Both of Mednicov’s books bring together a variety of Pop art themes. Her first book was interdisciplinary, combining traditional art history and music theory, and addressed how music and Pop art can produce better understandings of identity within Pop art. Her second book goes further to focus on how Jewish American identity was often mentioned in relation to ’60s Pop art, but rarely analyzed.

Mednicov received a Getty Library Research Grant that enabled her to spend two weeks in the Getty Library Special Collections researching renowned art critics Harold Rosenberg and Clement Greenberg. Since the completion and submission of the book she has had the opportunity to speak with artist Audrey Flack, the internationally acclaimed painter, sculptor and pioneer of photorealism.

Photo taken by David Rios

“Jewish American Identity and Erasure in Pop Art” will have a special appeal to scholars of art history, Jewish studies, American studies, and history.

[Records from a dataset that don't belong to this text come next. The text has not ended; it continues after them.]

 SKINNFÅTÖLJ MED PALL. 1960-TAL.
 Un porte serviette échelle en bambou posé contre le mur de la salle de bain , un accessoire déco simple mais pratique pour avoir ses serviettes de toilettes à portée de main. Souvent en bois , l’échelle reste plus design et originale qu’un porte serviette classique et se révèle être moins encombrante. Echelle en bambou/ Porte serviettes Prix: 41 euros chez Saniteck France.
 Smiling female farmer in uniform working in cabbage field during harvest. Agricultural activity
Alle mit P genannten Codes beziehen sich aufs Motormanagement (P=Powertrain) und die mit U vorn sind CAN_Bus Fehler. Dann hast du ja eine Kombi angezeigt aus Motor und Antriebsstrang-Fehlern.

“There are many forms of Jewish American identity and some, although not all, are represented by figures in my book,” she said.

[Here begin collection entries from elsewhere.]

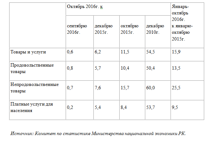 Динамика цен на потребительские товары и услуги в Республике Казахстан за 10 месяцев 2016 г.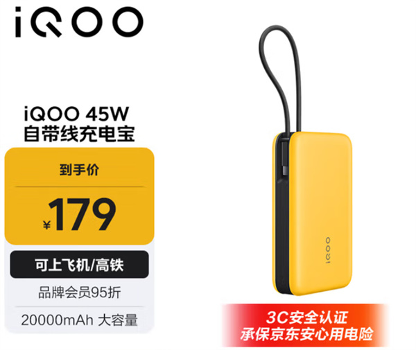 6、iQOO 45W充電寶自帶線(179元):潮玩設計 疾速快充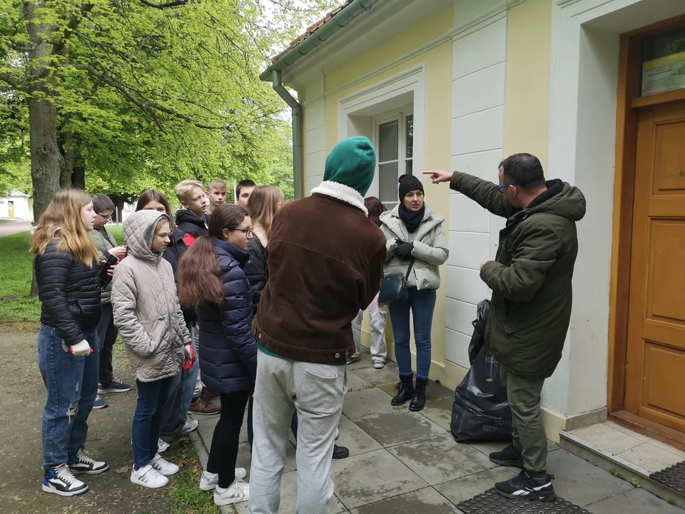 Uczniowie zaopatrzeni w rękawice i worki, które zapewnił ZUK, pod okiem nauczycieli i koordynatorów, wyruszyli na parkowe alejki w poszukiwaniu śmieci.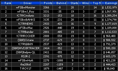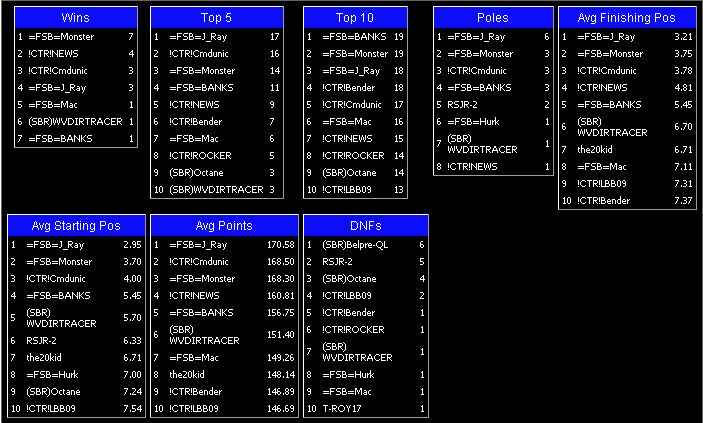 =FSB=J_Ray finished in the runner-up spot and the Rookie of the Year, !CTR!Cmdunic rounded out the top 3. Fellow rookie =FSB=Banks came in 4th. By winning the final 3 races, !CTR!NEWS snuck into the top five.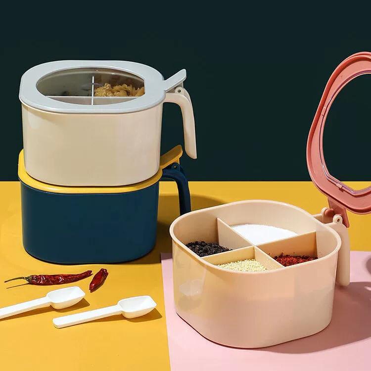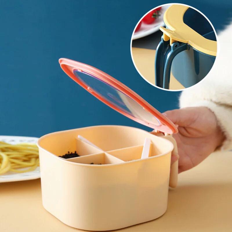 علبة بهارات معتم بيد - مقسم 4 خانات مع الملاعق AZ-1118

“The ’60s as a historical moment and Pop art both continue to resonate in contemporary history and art practices/exhibitions, and understanding how identity enters and was, at times, erased from history helps us to better understand both the historical period and the contemporary moment.

There are many forms of Jewish American identity and some, although not all, are represented figures in my book. - Melissa

“It is important to understand the history of a period, in this case the 1960s, in which many virulent forms of antisemitism were present,” Mednicov said. “As I began the completion of my manuscript in January 2022 during my faculty development leave, I was horrified, as a Jewish American, to see the increase in antisemitism in the United States and globally and its continued growth — which has made the book take on further scholarly and personal significance.”

Mednicov’s next book, “Monumental: The Art of David Adickes,” is on Texas artist David Adickes and will release in Fall 2024 from Texas A&M University Press. The book is co-written with Associate Dean of CAM and Professor of Art Michael H. Henderson and includes a photo essay by Department of Art Chair Rebecca Finley. Additionally, Mednicov writes contemporary art criticism for Glasstire.

“Jewish American Identity and Erasure in Pop Art” is available in hardcover and e-book from Routledge.